= Beginning of Section =
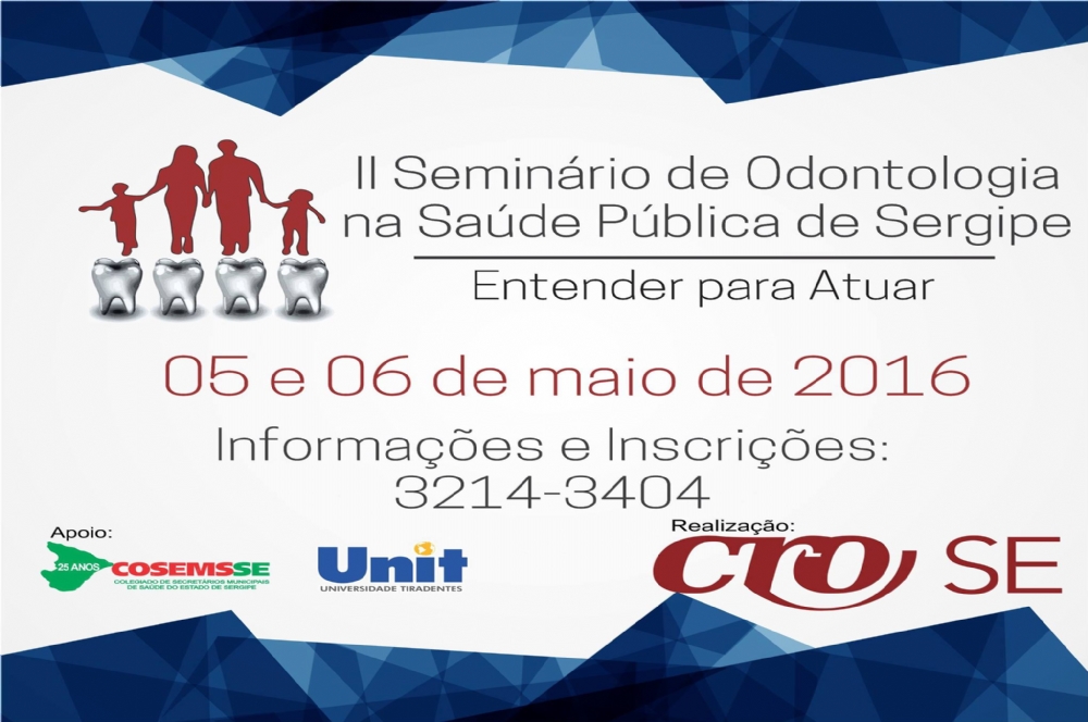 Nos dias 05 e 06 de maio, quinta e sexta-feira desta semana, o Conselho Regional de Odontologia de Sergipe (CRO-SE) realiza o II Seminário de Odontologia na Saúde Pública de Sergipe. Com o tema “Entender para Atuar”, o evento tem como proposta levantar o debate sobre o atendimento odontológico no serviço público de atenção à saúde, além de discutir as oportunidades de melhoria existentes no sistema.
= End of Section =
= Beginning of Section =
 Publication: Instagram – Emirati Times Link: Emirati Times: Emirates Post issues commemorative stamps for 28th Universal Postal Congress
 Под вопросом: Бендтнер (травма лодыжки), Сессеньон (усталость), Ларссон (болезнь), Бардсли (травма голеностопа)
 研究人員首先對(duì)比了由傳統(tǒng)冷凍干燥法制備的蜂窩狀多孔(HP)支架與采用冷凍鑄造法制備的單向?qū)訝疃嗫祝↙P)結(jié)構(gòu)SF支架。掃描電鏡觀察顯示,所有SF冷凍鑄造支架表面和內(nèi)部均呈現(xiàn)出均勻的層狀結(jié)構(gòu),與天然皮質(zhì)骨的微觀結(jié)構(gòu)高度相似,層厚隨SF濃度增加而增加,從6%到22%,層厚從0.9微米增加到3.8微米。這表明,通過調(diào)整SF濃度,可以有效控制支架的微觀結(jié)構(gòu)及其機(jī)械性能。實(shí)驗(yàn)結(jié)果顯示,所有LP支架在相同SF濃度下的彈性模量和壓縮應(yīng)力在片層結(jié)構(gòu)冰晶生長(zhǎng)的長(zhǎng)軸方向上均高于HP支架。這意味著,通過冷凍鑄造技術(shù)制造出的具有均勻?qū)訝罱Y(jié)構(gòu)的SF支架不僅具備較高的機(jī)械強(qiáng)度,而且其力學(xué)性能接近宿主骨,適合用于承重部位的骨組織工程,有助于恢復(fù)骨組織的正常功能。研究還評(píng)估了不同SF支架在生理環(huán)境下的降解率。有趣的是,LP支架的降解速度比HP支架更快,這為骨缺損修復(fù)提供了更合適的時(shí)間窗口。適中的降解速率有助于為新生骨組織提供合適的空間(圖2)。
= End of Section =
*Task to complete*.
Reproduce exactly, and only, the part of the listing above that begins at the line with "Под вопросом: Бендтнер" and goes on through the line with "研究人員首先對(duì)比了".

*Solution*.
 Под вопросом: Бендтнер (травма лодыжки), Сессеньон (усталость), Ларссон (болезнь), Бардсли (травма голеностопа)
 研究人員首先對(duì)比了由傳統(tǒng)冷凍干燥法制備的蜂窩狀多孔(HP)支架與采用冷凍鑄造法制備的單向?qū)訝疃嗫祝↙P)結(jié)構(gòu)SF支架。掃描電鏡觀察顯示,所有SF冷凍鑄造支架表面和內(nèi)部均呈現(xiàn)出均勻的層狀結(jié)構(gòu),與天然皮質(zhì)骨的微觀結(jié)構(gòu)高度相似,層厚隨SF濃度增加而增加,從6%到22%,層厚從0.9微米增加到3.8微米。這表明,通過調(diào)整SF濃度,可以有效控制支架的微觀結(jié)構(gòu)及其機(jī)械性能。實(shí)驗(yàn)結(jié)果顯示,所有LP支架在相同SF濃度下的彈性模量和壓縮應(yīng)力在片層結(jié)構(gòu)冰晶生長(zhǎng)的長(zhǎng)軸方向上均高于HP支架。這意味著,通過冷凍鑄造技術(shù)制造出的具有均勻?qū)訝罱Y(jié)構(gòu)的SF支架不僅具備較高的機(jī)械強(qiáng)度,而且其力學(xué)性能接近宿主骨,適合用于承重部位的骨組織工程,有助于恢復(fù)骨組織的正常功能。研究還評(píng)估了不同SF支架在生理環(huán)境下的降解率。有趣的是,LP支架的降解速度比HP支架更快,這為骨缺損修復(fù)提供了更合適的時(shí)間窗口。適中的降解速率有助于為新生骨組織提供合適的空間(圖2)。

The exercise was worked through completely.